The ULN2003 remains one of the most practical ICs in electronics design. With its seven Darlington transistor channels, built-in flyback diodes, and simple logic interface, it offers a reliable solution for driving relays, motors, and other loads.

For students and engineers, mastering ULN2003 opens the door to understanding how microcontrollers interact with higher-power devices. Whether you’re building a stepper motor driver with Arduino, controlling relays, or experimenting with robotics, the ULN2003 is a must-have in your toolkit.

FAQ

Q1: Is ULN2003 a motor driver?
A: It’s a low-side driver array (Darlington). It can switch motor coils (like 28BYJ-48 steppers) but is not a bidirectional H-bridge.

Q2: Can I drive a DC motor both directions with ULN2003?
A: Not directly. Use L293D/L298N or an H-bridge MOSFET design.

Q3: Do I have to connect COM?
A: For inductive loads (relays/steppers/solenoids), yes—tie COM to +V load. For purely resistive loads, it’s optional.

Q4: What’s the max current per channel?
A: Typically up to ~500 mA. Consider total package dissipation; multiple heavy channels at once can overheat.

Q5: Why is my output not reaching 0 V?
A: Darlington VCE(sat) is significant (~1–1.6 V at higher currents). Ensure the load tolerates the residual drop.

Q6: Can I PWM through ULN2003?
A: Yes, for low–mid frequencies and moderate current. For high-efficiency PWM (e.g., large DC motors), use MOSFET drivers.

Q7: 3.3 V inputs okay?
A: Often yes (logic-level tolerant), but check your device variant and current requirements. If marginal, buffer with a transistor/driver.

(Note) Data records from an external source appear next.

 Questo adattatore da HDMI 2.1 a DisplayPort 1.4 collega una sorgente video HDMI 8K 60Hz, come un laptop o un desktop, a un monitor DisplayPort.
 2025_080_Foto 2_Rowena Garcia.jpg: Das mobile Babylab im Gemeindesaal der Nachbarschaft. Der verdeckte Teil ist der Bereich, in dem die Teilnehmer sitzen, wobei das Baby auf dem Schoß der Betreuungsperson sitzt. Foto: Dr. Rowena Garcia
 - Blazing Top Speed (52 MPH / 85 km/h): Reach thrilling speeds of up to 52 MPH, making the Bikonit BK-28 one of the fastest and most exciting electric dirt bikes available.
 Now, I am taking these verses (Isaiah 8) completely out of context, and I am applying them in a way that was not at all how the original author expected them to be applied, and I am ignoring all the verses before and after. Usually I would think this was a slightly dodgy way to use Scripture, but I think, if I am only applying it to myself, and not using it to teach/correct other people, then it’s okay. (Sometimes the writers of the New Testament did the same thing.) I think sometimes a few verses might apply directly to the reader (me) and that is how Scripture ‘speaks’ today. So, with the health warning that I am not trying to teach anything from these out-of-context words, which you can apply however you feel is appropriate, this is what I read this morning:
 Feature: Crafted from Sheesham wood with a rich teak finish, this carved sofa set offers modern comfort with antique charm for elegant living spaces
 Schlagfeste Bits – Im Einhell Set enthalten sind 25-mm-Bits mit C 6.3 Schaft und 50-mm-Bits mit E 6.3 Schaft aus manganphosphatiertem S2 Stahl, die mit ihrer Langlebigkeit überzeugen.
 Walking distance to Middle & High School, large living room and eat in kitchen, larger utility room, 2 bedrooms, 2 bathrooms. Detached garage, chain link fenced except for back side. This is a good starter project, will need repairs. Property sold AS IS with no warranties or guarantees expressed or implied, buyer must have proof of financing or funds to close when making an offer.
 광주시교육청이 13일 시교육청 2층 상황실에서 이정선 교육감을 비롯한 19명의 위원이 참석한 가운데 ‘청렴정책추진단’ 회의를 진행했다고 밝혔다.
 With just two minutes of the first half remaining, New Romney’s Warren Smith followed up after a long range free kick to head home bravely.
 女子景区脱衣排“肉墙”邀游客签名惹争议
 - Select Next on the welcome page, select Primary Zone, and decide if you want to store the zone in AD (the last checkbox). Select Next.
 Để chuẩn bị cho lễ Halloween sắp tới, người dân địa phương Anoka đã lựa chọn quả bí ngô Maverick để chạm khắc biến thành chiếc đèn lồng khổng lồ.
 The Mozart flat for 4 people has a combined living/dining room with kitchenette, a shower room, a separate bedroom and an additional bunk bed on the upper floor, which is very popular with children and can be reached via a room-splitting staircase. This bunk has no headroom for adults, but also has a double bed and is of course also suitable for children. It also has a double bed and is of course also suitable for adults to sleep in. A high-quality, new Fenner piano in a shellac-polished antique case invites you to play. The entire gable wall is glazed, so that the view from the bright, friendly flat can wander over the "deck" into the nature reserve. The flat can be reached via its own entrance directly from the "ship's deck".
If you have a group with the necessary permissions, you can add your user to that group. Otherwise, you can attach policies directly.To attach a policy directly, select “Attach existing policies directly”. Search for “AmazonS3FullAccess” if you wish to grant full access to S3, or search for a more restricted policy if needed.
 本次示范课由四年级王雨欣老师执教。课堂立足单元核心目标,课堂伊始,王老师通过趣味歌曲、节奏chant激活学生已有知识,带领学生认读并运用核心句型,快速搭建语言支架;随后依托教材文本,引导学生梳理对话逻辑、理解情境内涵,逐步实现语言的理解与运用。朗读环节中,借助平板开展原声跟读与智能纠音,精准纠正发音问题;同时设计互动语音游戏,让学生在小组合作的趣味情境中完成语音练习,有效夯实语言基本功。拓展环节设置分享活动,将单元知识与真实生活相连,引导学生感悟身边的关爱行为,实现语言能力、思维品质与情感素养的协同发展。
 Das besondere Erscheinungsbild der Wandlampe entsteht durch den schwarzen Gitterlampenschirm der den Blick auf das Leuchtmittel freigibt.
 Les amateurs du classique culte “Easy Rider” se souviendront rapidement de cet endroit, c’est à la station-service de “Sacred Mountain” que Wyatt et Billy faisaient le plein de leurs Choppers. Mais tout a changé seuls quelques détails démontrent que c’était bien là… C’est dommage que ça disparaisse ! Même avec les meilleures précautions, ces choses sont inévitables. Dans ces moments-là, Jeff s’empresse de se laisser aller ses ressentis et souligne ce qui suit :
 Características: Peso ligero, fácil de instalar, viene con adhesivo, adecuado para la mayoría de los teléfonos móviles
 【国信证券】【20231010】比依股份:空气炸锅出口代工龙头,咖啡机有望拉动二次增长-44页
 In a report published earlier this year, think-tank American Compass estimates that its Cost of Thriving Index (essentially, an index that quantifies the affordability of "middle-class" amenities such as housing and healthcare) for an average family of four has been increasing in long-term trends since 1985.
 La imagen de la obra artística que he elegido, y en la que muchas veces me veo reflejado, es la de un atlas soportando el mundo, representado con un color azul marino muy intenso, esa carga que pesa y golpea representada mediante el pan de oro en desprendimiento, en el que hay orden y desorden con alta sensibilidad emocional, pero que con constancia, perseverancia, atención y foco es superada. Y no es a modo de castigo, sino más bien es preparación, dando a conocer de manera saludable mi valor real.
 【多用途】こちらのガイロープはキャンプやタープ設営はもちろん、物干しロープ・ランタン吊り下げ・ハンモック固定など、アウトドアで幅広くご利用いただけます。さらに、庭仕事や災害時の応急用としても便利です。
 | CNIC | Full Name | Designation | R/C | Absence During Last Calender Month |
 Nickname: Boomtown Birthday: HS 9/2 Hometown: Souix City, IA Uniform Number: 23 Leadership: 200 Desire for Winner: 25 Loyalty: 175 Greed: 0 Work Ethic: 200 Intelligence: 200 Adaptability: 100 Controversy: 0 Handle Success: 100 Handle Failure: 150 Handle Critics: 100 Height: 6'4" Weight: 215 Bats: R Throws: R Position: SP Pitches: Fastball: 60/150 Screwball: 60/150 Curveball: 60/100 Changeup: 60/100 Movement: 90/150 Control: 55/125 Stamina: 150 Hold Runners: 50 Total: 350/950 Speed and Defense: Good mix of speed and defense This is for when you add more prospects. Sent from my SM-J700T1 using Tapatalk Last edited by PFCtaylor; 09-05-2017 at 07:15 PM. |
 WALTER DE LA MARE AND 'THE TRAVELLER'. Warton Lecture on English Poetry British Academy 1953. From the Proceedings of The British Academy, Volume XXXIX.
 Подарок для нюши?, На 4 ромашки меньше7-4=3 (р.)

Q8: Paralleling outputs to get more current?
A: Possible but not ideal; current may not share equally. Use MOSFETs for sustained higher current.

Q9: Which step sequence for 28BYJ-48?
A: Use the half-step 8-state table above for smoother motion.

Q10: ULN2003 vs ULN2004?
A: ULN2004 accepts higher input voltages (12–15 V logic). Pinout-compatible.